Do you want the AI surgeon to be illegal?”. [JT1] As you can imagine twitterverse took sides. One camp argued that healthcare AI should be explainable and other camp argued that we should not sacrifice usefulness for explainability. There are different approaches to explainability. In linear models we could use the weight for each variable to determine how much it contributes to the prediction. In medical image classification we could use Eli5, LIME, and SHAP to explain the predictions. This adds another layer of computing complexity and in turns requires more computing resources and time.

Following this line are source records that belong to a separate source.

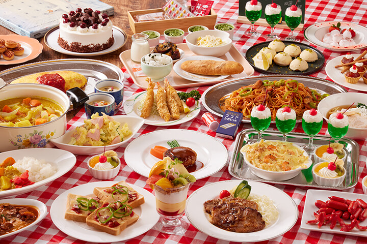 ハンバーグステーキやナポリタン、エビフライといった、当時の喫茶店や昔ながらの洋食メニューが並ぶ土・日曜祝日限定の「ランチブッフェ」。パフェやメロンソーダ風炭酸ゼリー、プリンアラモードといったスイーツも充実。ハンバーグステーキやオムライス、中華そばは、シェフが目の前で仕上げてくれます。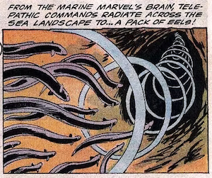 Concentric circles are used in comics to visually represent waves of telepathic energy, and are commonly associated with telepathic Marvel Comics characters like Professor X of the X-Men. In DC Comics, this effect has been used since at least 1965, as a CBR article about Aquaman explains[2]. [Pictured is a panel from Aquaman #20, Mar./Apr. 1965]. Concentric circles have also been used as a way to visually represent Buddy’s powers since Animal Man #1.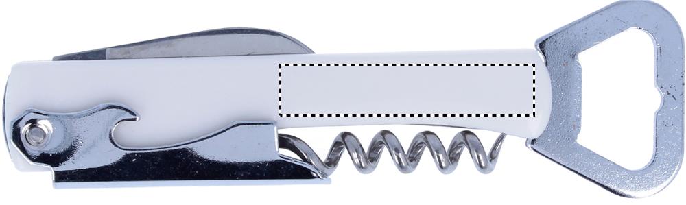 Tarjoilijan veitsi ruostumattomasta teräksestä, korkkiruuvi ja muovinen päällynen.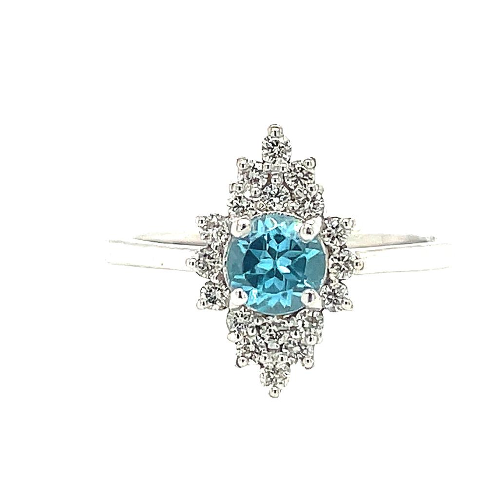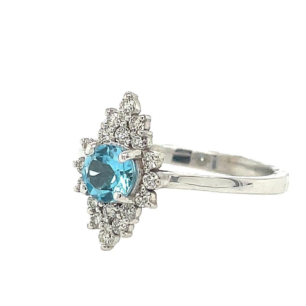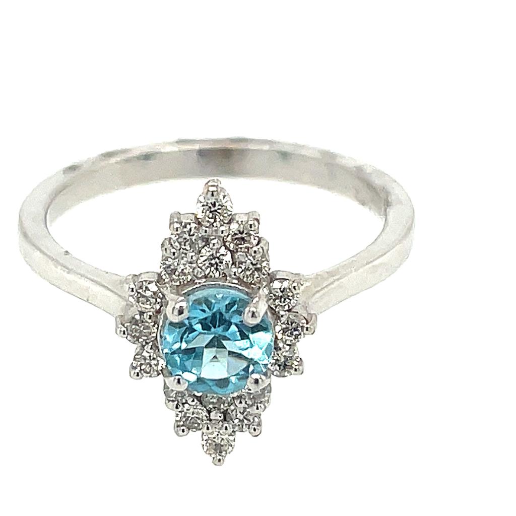 ANELLO IN ORO BIANCO 14K 2.82 GR CON TOPAZIO 0.50 CT + DIAMANTI PER 0.28 CT TOTALI F/VS CERTIFICATO ID - A1309R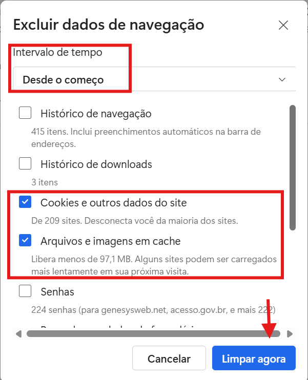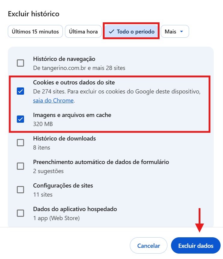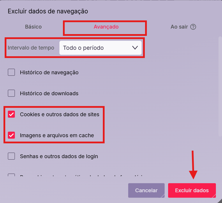 Imagens e arquivos em cache' e 'Cookies e outros dados do site', e clique em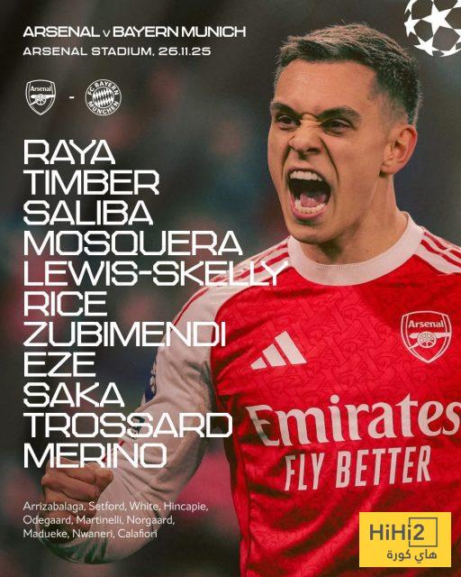 تشكيلة أرسنال الرسمية للقاء بايرن ميونخ :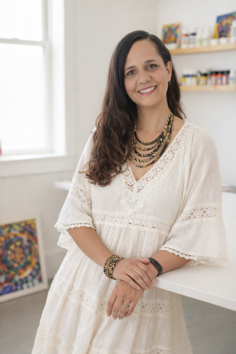 Sou uma artista mixed media brasileira, nascida na Bahia, com alma inquieta e coração viajante. Vivi oito anos no Canadá e hoje exploro novas paisagens e inspirações em Portugal. Minha jornada artística nasceu da coragem de abraçar minha essência depois de anos silenciando minha própria voz criativa.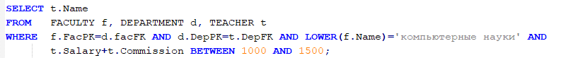 WHERE f.FacPK = d.FacFK AND d.DepPK = t.DepFK AND d.Name = 'Компютерні науки' AND t.Salary+t.Commission BETWEEN 1000 AND 1500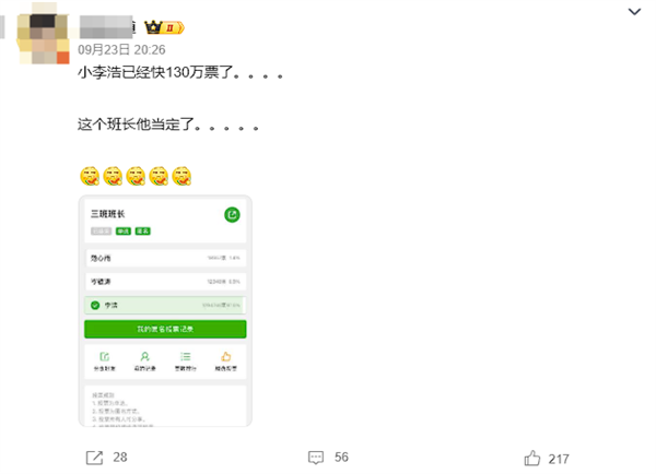 9月24日消息,近日,网络上出现了一条“李浩129万多票当选班长”的截图,引发网友围观。

Why can’t we combine good accuracy and explainability in the same software? When faced with a clinical problem, we decided to combine the best of both worlds. More than 50 percent of women over the age of 50 have thyroid nodules. Because of increased use of imaging modalities, we are detecting more of these thyroid nodules. But, only about 5 to 10 percent of these nodules are cancerous. At present, the only way to identify whether there is cancer in these nodules are by invasive procedures like surgery and needle biopsy. We employed artificial intelligence to create a model that will help physicians to choose the right nodule for biopsy. In our study published in Thyroid journal[JT2] , we showed that by employing this model (AIBx), unnecessary biopsies could be reduced by more than 50 percent. The probability that a nodule is actually benign when the model predicts it to be benign, namely the negative predictive value of AIBx was 93.2 percent. AIBx finds similar images to the test image and displays those images along with their actual diagnosis. Physician reviews these similar images and the corresponding diagnosis to make the final decision. Our model was created to enhance the physician’s ability to choose the right nodules for biopsies rather than replace the physician. Every step of this process needs physician’s input and hence we used the term Physician in Loop (PIL). Latest version of AIBx also overlays heat maps over the test image to show areas of interest that resulted in the prediction.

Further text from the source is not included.